» **Problem to solve**: Your output should be the lines below from the one holding "TOMMY BAHAMA シルク" through the one holding "Его минималистичная геометрия", transcribed exactly, with no pictures.

Start of Record set

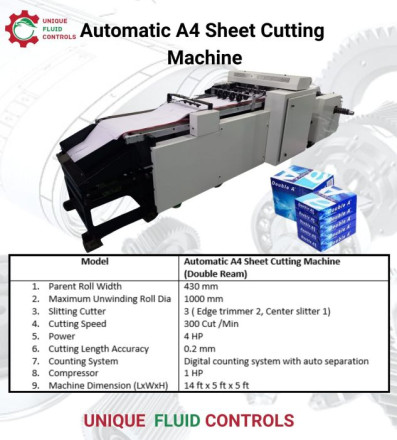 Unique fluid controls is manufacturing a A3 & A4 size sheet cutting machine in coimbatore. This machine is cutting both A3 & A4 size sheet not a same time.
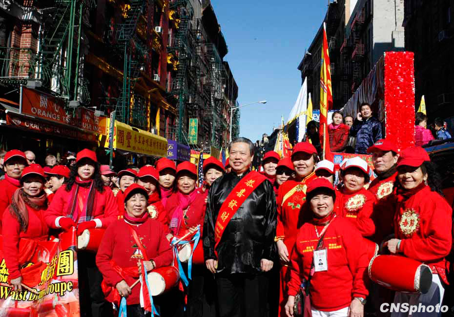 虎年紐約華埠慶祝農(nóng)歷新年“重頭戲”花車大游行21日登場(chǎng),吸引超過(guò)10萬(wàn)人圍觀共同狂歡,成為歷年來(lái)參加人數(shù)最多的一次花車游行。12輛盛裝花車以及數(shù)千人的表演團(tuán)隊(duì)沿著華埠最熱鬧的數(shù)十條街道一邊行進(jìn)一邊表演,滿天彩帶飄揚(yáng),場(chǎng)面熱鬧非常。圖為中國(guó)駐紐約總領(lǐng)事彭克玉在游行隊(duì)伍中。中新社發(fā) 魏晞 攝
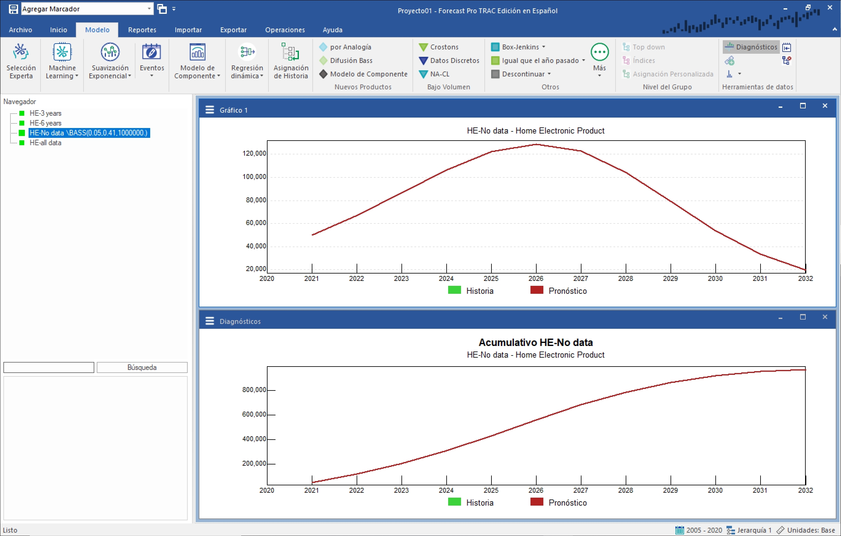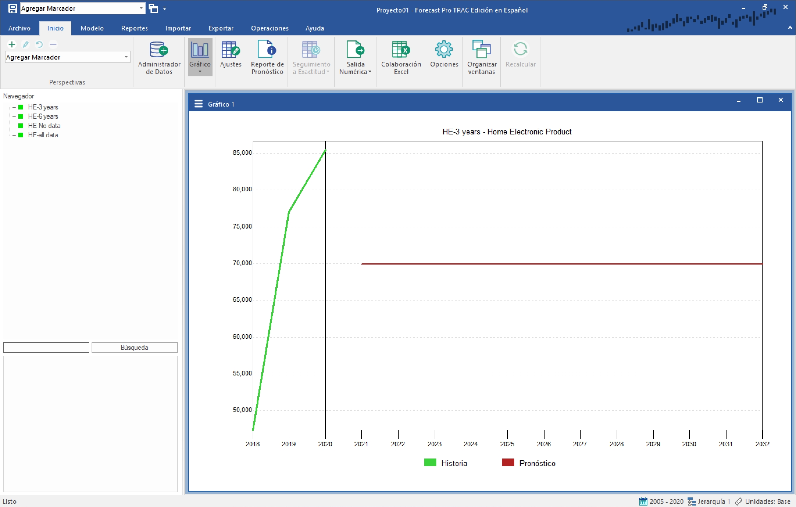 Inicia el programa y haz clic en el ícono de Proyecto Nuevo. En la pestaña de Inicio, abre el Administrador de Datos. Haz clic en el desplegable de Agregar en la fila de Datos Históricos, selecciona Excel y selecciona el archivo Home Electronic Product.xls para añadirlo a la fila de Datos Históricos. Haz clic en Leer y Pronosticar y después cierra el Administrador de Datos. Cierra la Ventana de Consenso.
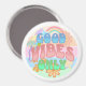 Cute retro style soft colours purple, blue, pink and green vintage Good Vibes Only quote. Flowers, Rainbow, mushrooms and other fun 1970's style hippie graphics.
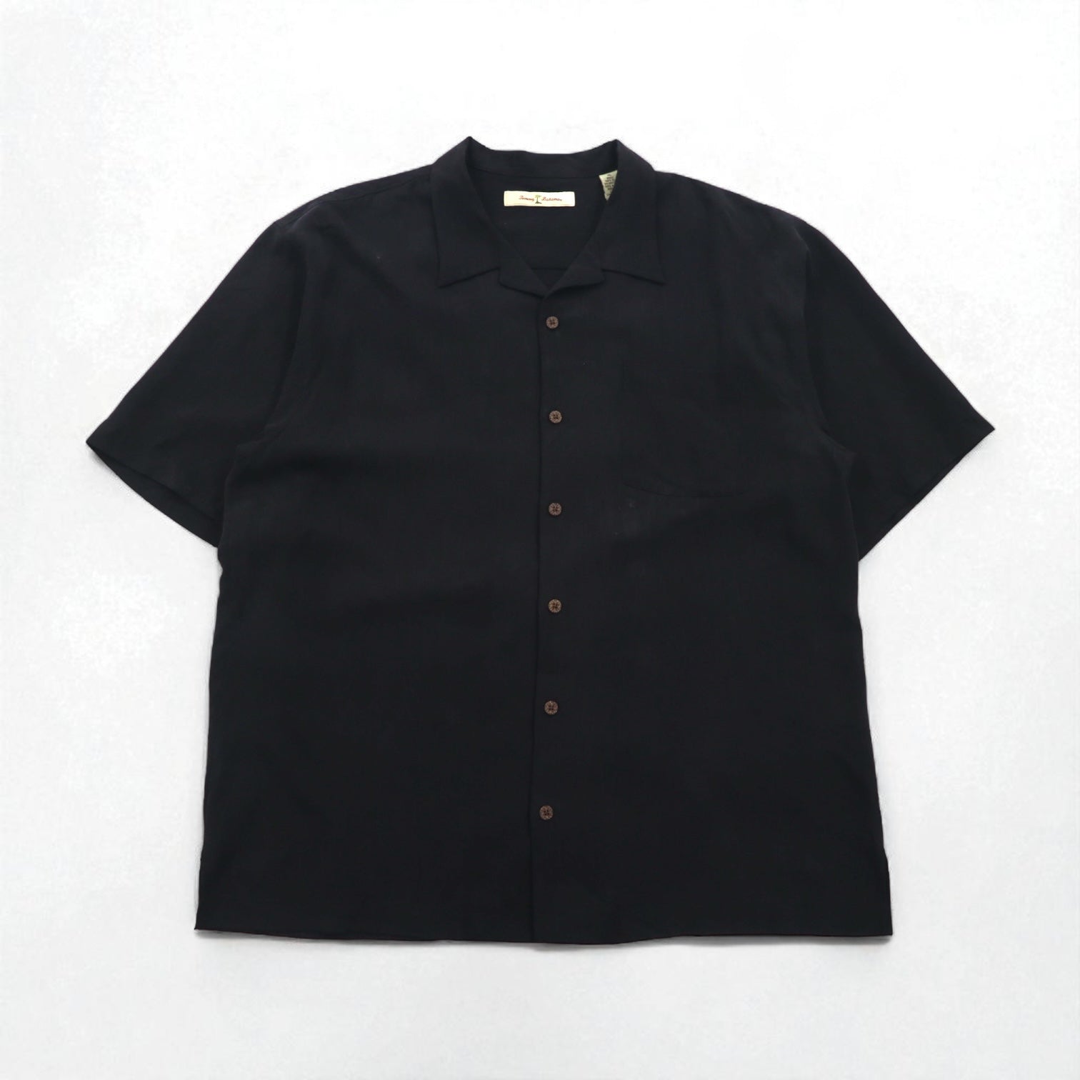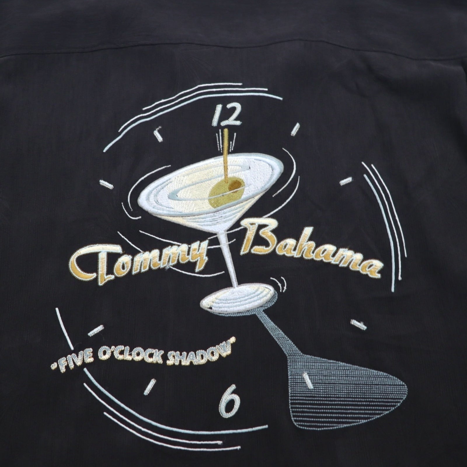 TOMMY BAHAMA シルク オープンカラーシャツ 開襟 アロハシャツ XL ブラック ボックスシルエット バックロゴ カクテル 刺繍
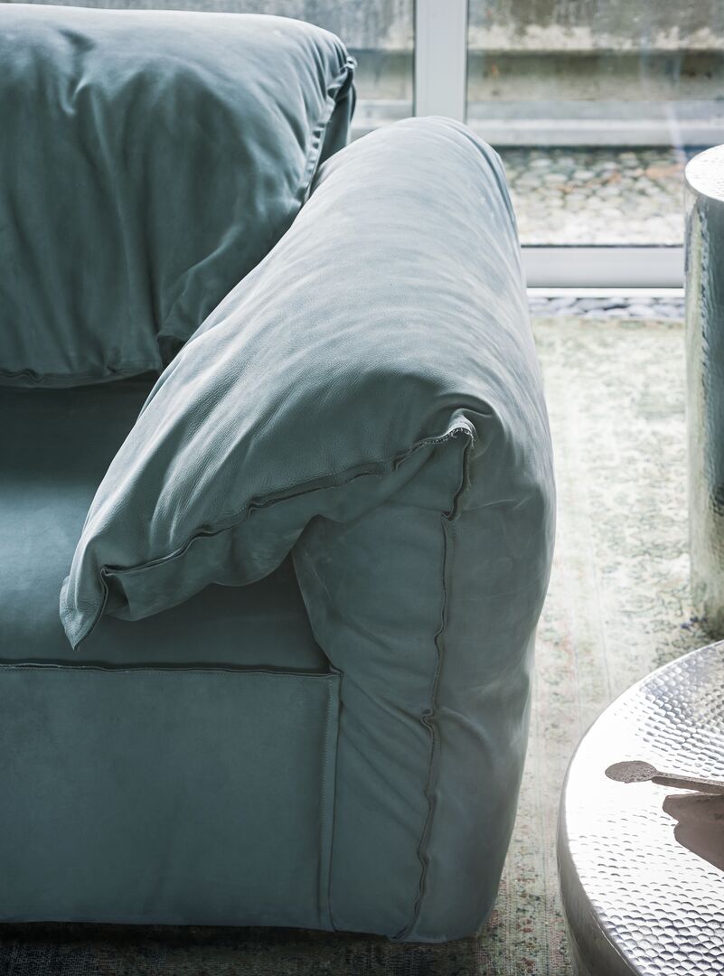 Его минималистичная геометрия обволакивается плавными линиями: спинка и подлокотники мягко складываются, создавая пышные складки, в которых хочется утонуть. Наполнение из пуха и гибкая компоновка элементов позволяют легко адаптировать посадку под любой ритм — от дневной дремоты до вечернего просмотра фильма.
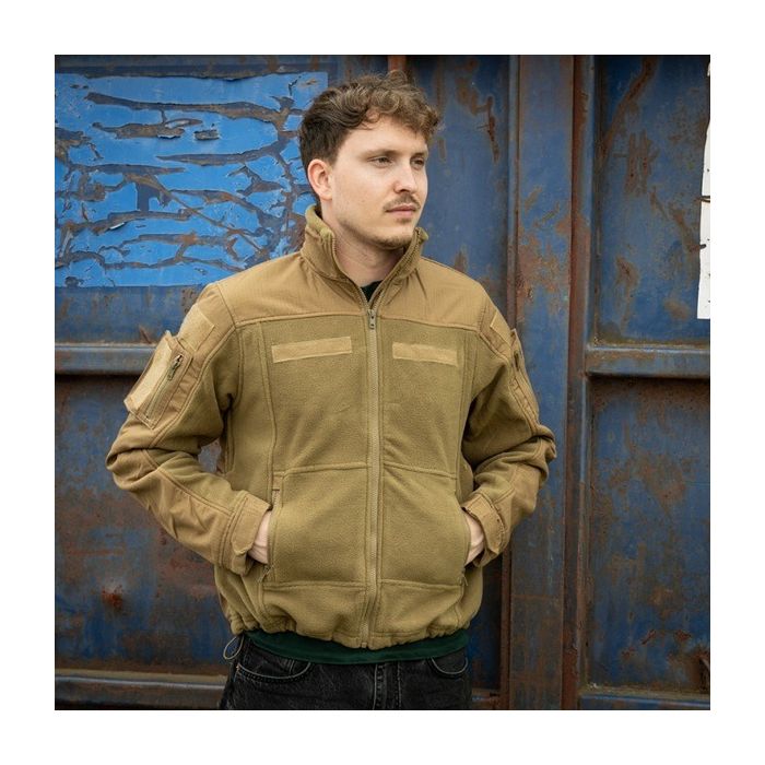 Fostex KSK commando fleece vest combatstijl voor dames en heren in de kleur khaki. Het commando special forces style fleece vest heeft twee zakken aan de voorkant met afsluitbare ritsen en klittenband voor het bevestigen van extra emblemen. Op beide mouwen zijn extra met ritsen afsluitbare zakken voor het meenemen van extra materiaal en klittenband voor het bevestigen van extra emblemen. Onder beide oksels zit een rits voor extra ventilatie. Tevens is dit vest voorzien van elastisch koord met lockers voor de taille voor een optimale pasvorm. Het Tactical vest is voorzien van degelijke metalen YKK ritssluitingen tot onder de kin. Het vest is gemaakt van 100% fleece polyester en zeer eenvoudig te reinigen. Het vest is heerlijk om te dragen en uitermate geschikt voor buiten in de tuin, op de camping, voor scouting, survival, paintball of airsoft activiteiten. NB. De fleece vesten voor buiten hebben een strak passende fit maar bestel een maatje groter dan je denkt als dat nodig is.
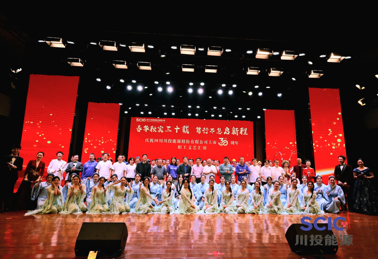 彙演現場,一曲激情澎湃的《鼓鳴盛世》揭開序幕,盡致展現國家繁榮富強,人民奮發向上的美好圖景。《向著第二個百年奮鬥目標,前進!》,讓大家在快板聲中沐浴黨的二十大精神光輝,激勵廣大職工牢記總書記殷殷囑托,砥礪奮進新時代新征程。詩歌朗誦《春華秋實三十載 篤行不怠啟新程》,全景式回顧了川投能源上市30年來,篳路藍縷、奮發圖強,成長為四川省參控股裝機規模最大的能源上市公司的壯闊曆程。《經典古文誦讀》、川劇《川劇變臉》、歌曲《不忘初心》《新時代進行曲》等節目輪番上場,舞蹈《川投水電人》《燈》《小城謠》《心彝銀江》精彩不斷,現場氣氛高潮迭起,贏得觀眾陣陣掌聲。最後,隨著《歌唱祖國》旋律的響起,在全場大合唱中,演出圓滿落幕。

End of Record set

» **Answer section**:
 TOMMY BAHAMA シルク オープンカラーシャツ 開襟 アロハシャツ XL ブラック ボックスシルエット バックロゴ カクテル 刺繍
 Его минималистичная геометрия обволакивается плавными линиями: спинка и подлокотники мягко складываются, создавая пышные складки, в которых хочется утонуть. Наполнение из пуха и гибкая компоновка элементов позволяют легко адаптировать посадку под любой ритм — от дневной дремоты до вечернего просмотра фильма.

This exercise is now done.